20. Q20 — Time zone scheduling problem

    Problem Solving

    A student in Perth (UTC+8) wants to video call a friend in New York (UTC−5). The student is available from 6:00 pm to 10:00 pm Perth time each evening.

    (a) Convert the student’s available window to New York time.

    (b) The friend in New York is available from 8:00 am to 2:00 pm New York time. What is the common window when both can speak? Give the times in both time zones.

    (c) The student’s family also wants to join from Tokyo (UTC+9). Convert the common window found in (b) into Tokyo time.
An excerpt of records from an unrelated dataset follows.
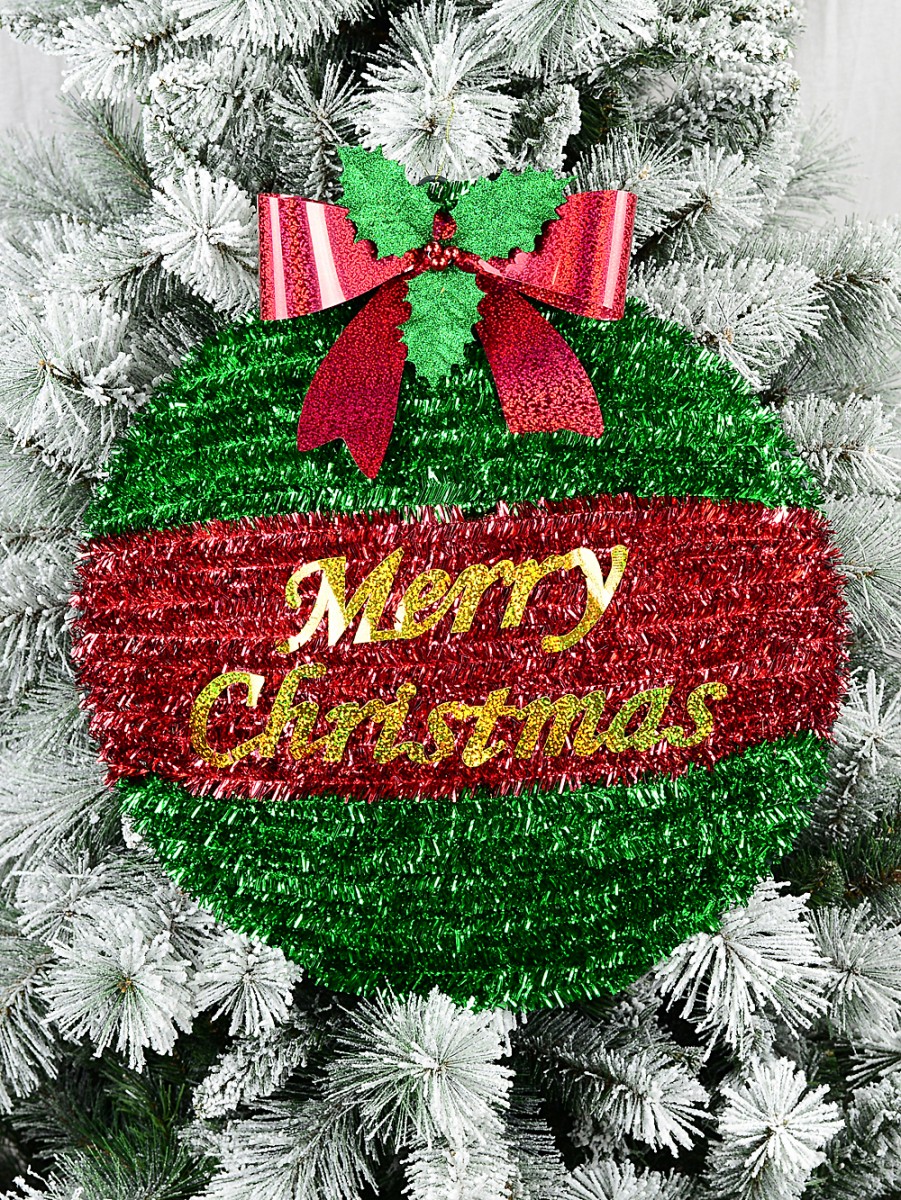 The plaque includes a red holographic bow, green glitter holly leaves, metallic red and white iridescent striped candy canes and even a metallic green present with a red ribbon and bow! And with dimensions of 43cm x 70mm x 46cm, this bauble tinsel plaque is perfect for hanging on your front door or even to decorate your Christmas tree.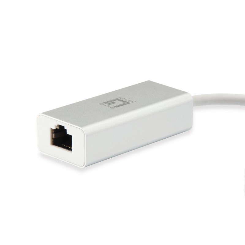 LevelOne USB-0402. Technologie de connectivité: Avec fil, Interface de l'hôte: USB Type-C, Interface: Ethernet. Débit de transfert des données maximum: 1000 Mbit/s. Alimenté par port USB. Couleur du produit: Argent, Blanc
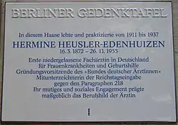 - ↑ Heyo Prahm (Hrsg.): Hermine Heusler-Edenhuizen. Die erste deutsche Frauenärztin. 3. Aufl. Budrich, Opladen 2011, ISBN 978-3-86649-494-7. S. 232. (Mit Foto des Grabes.)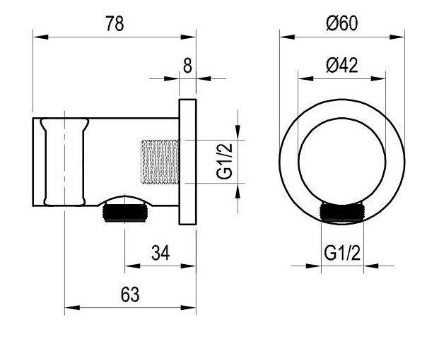 Fali zuhanycsatlakozó, Ravak 706.10WV Fali kiállás integrált zuhanyrózsa tartóval, White Velvet X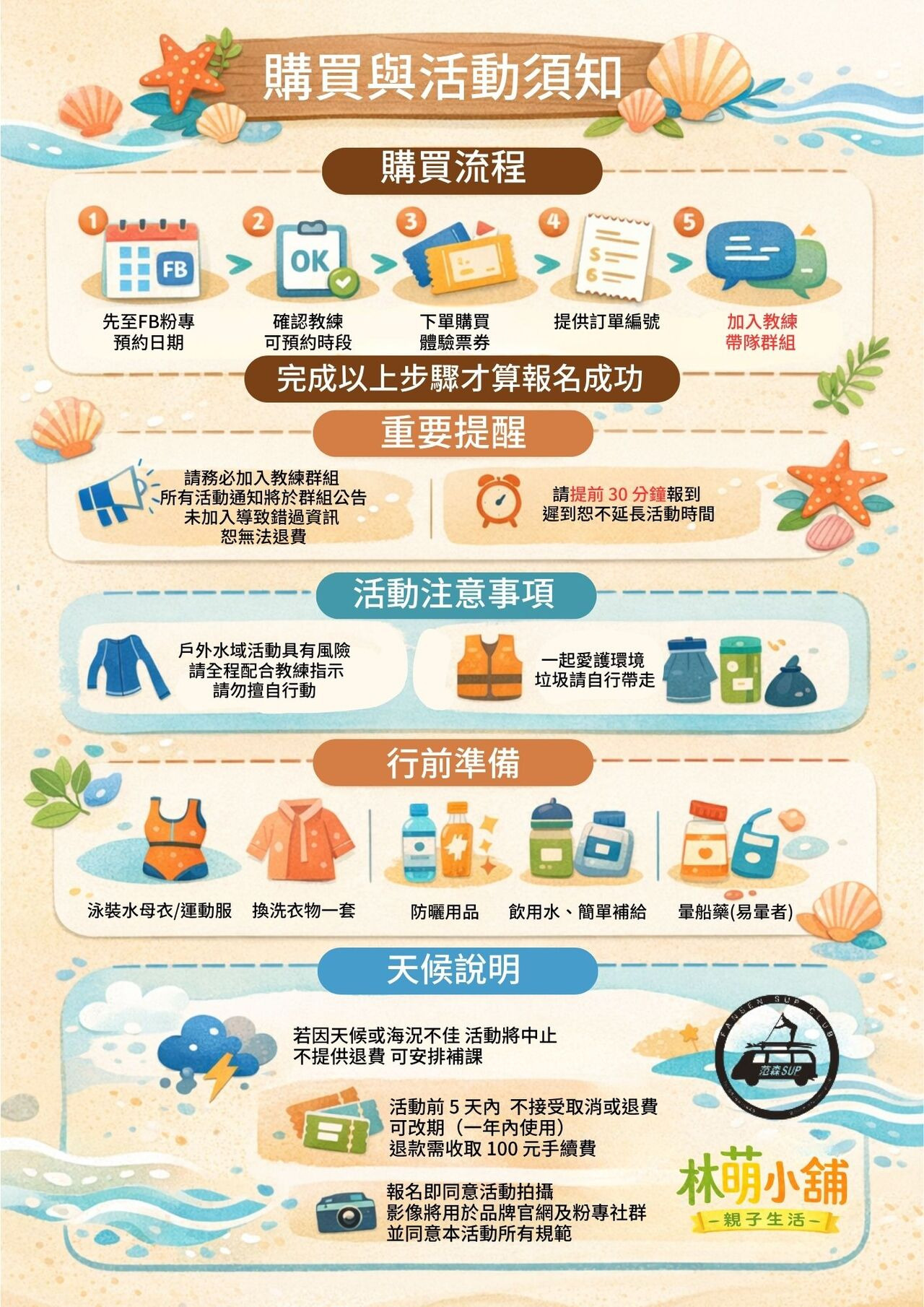 所有活動相關通知(如海況、時間或地點調整)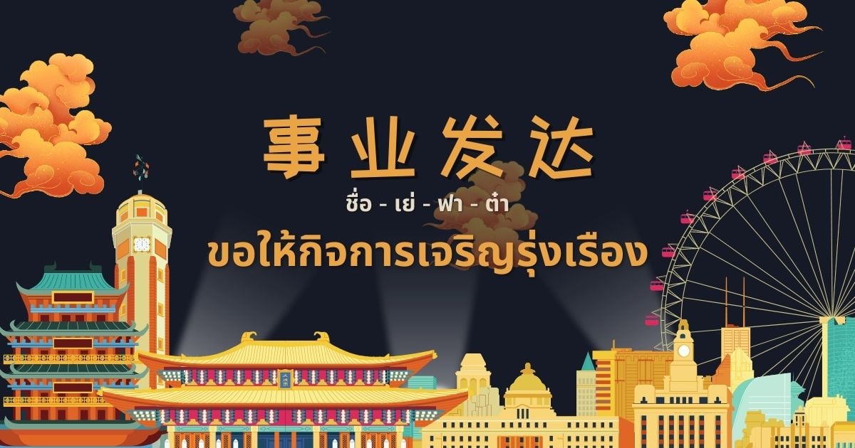 - 事 业 发 达 (ชื่อ – เย่ – ฟา – ต๋า) แปลว่า ขอให้กิจการเจริญรุ่งเรือง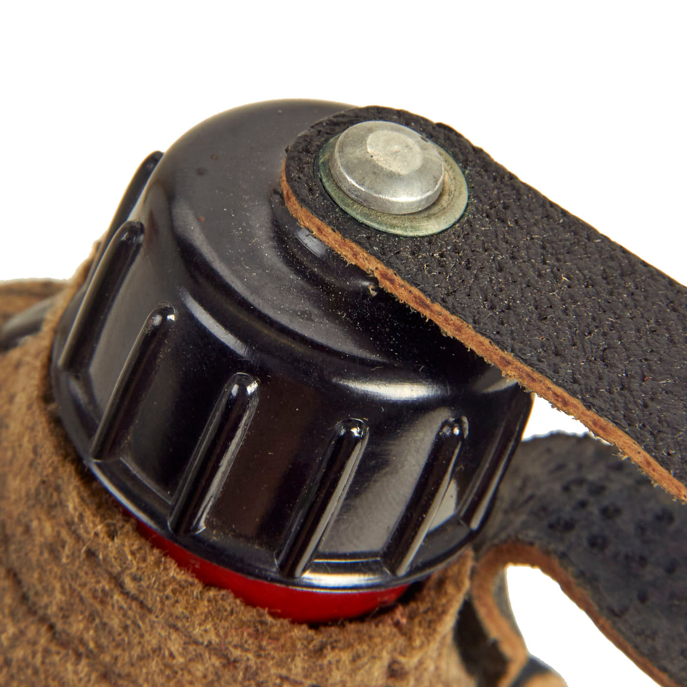 The later war example has the cover, harness, and cup marked C.F.L. 43, for 1943 production by Carl Feldhaus Aluminium-und Metallwerke of Lüdenscheid. It features an enameled steel body with a bakelite cap, and a large steel cup. The cap and canteen body have no markings, but we assume that they were also made by the same maker, as the condition is pretty much UNISSUED. There is very little service wear of any kind, with great enamel on the metal components, and solid leather.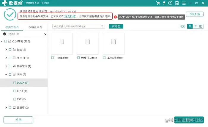 方法3:如果查找不到你要恢复的文件,可以选择“深度扫描“来查找更多的数据。由于搜索的内容比较多,所以需要等待一会。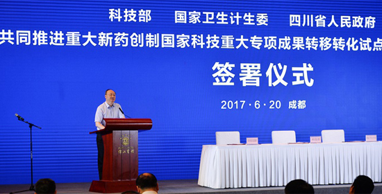 6月20日,科技部、国家卫计委、省政府在成都签署框架协议,决定共同推进重大新药创制国家科技重大专项成果转移转化试点示范。省委副书记、省长尹力出席并讲话。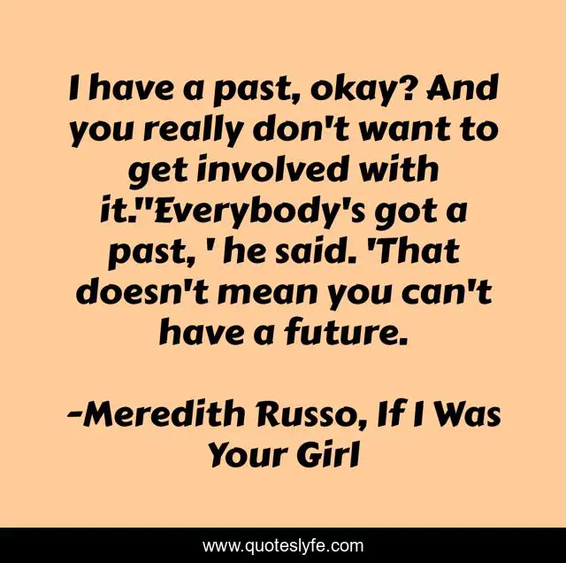 This page presents the quote "I have a past, okay? And you really don't want to get involved with it.''Everybody's got a past, ' he said. 'That doesn't mean you can't have a future.". Author of this quote is Meredith Russo, If I Was Your Girl. This quote is about past, future,.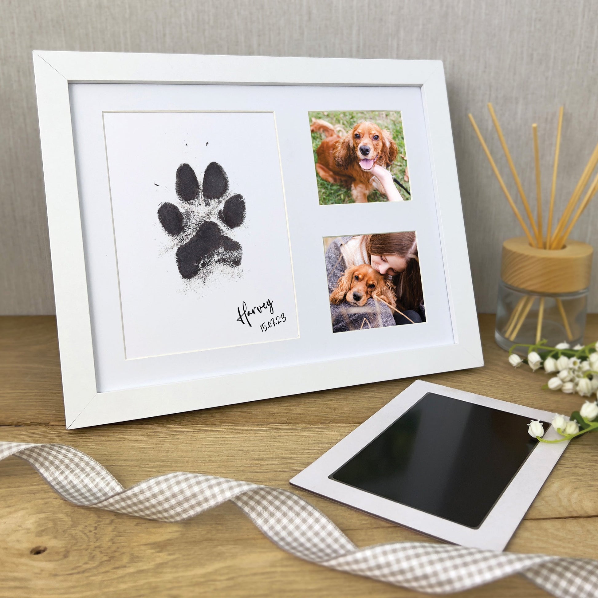 Display your animals paw print in the large aperture and then add their photos in the two smaller windows (7.1 x 6.5cm) with the included 3 aperture mount.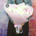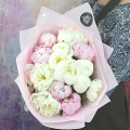 Букет из белых кустовых пионовидных роз сорта Бомбастик в упаковке
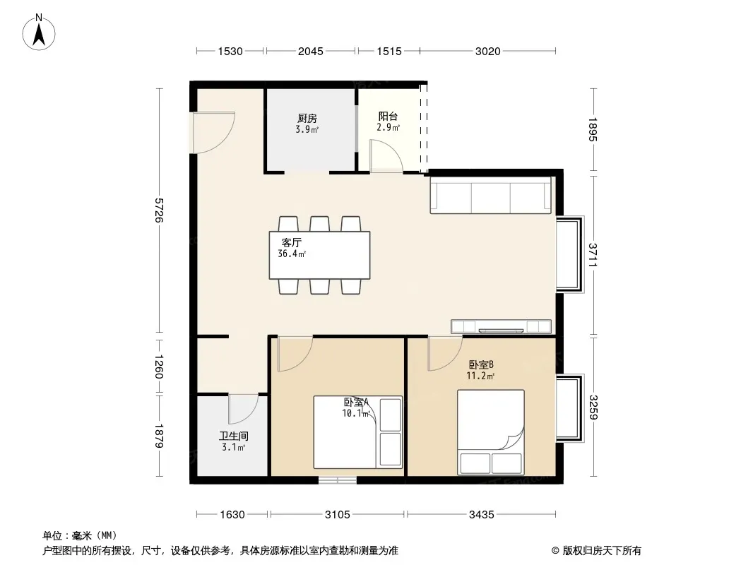 户型齐全,主打户型方正,明厨,明卫,客厅朝南,全明格局二居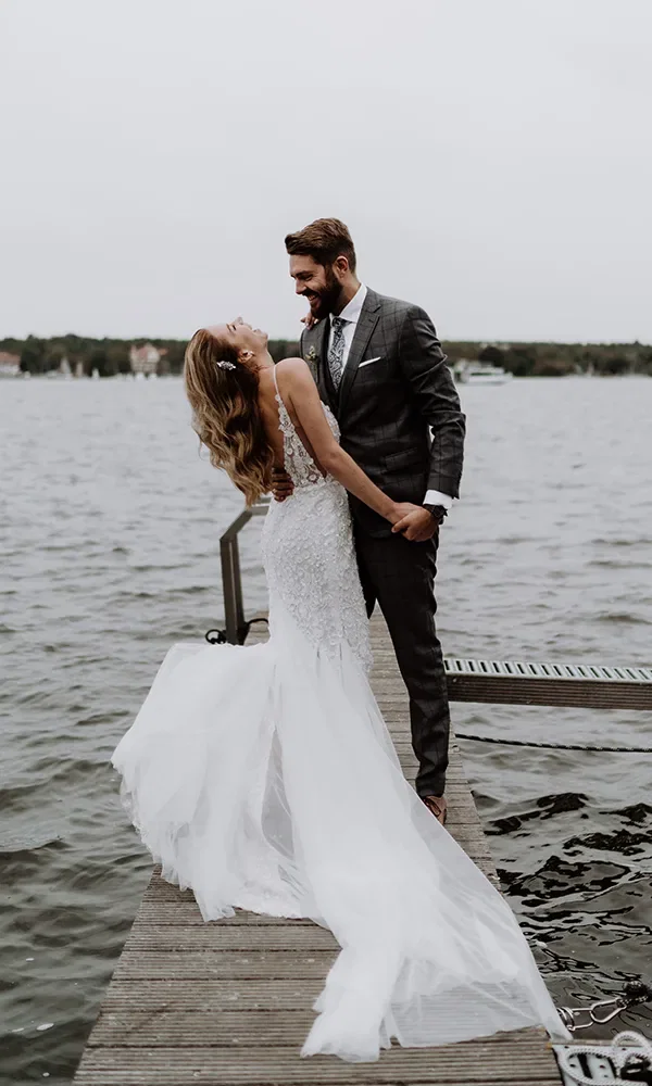 Mit einer freien Trauung am und einem Paar-Shooting auf dem Wannsee erlebten Anna (35) und Marcel (32) ihren Hochzeitstag. 60 Gäste feierten die Liebe der beiden in eleganter Atmosphäre. „Es war ein superschöner Tag“, schwärmen die Hochzeiter.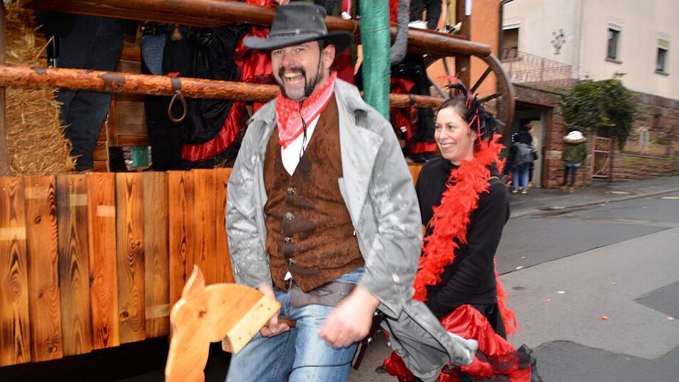 Seit 1978 schlängelt sich der Gaudiwurm alljährlich durch Stangenroth. Heuer waren wieder etliche kreative Gruppen dabei. So etwa ein Saloon aus Holz, den eine Stangenrother Clique gebaut hatte. Die Damen vom Kaffeekränzchen, die sich schon seit 35 Jahren am Zug beteiligen, zeigten sich als feiernde Hausfrauen, getreu dem Motto "An Fasching

Can the whole family join?

    ▶ Show Answer

    (a) Perth (UTC+8) to New York (UTC−5): difference = 13 hours. Perth is 13 hours ahead.
    Student’s window in NY time: 6:00 pm − 13 h = 5:00 am; 10:00 pm − 13 h = 9:00 am.
    Student’s window in New York = 5:00 am to 9:00 am

    (b) Friend available 8:00 am–2:00 pm NY. Student corresponds to 5:00 am–9:00 am NY.
    Common window (NY time): 8:00 am to 9:00 am
    In Perth time: 8:00 am + 13 h = 9:00 pm to 10:00 pm Perth

    (c) Tokyo (UTC+9) is 1 hour ahead of Perth.
    Common window in Tokyo time: 9:00 pm Perth + 1 h = 10:00 pm to 11:00 pm Tokyo.
    Yes, the Tokyo family can join — 10:00 pm–11:00 pm is a reasonable evening hour.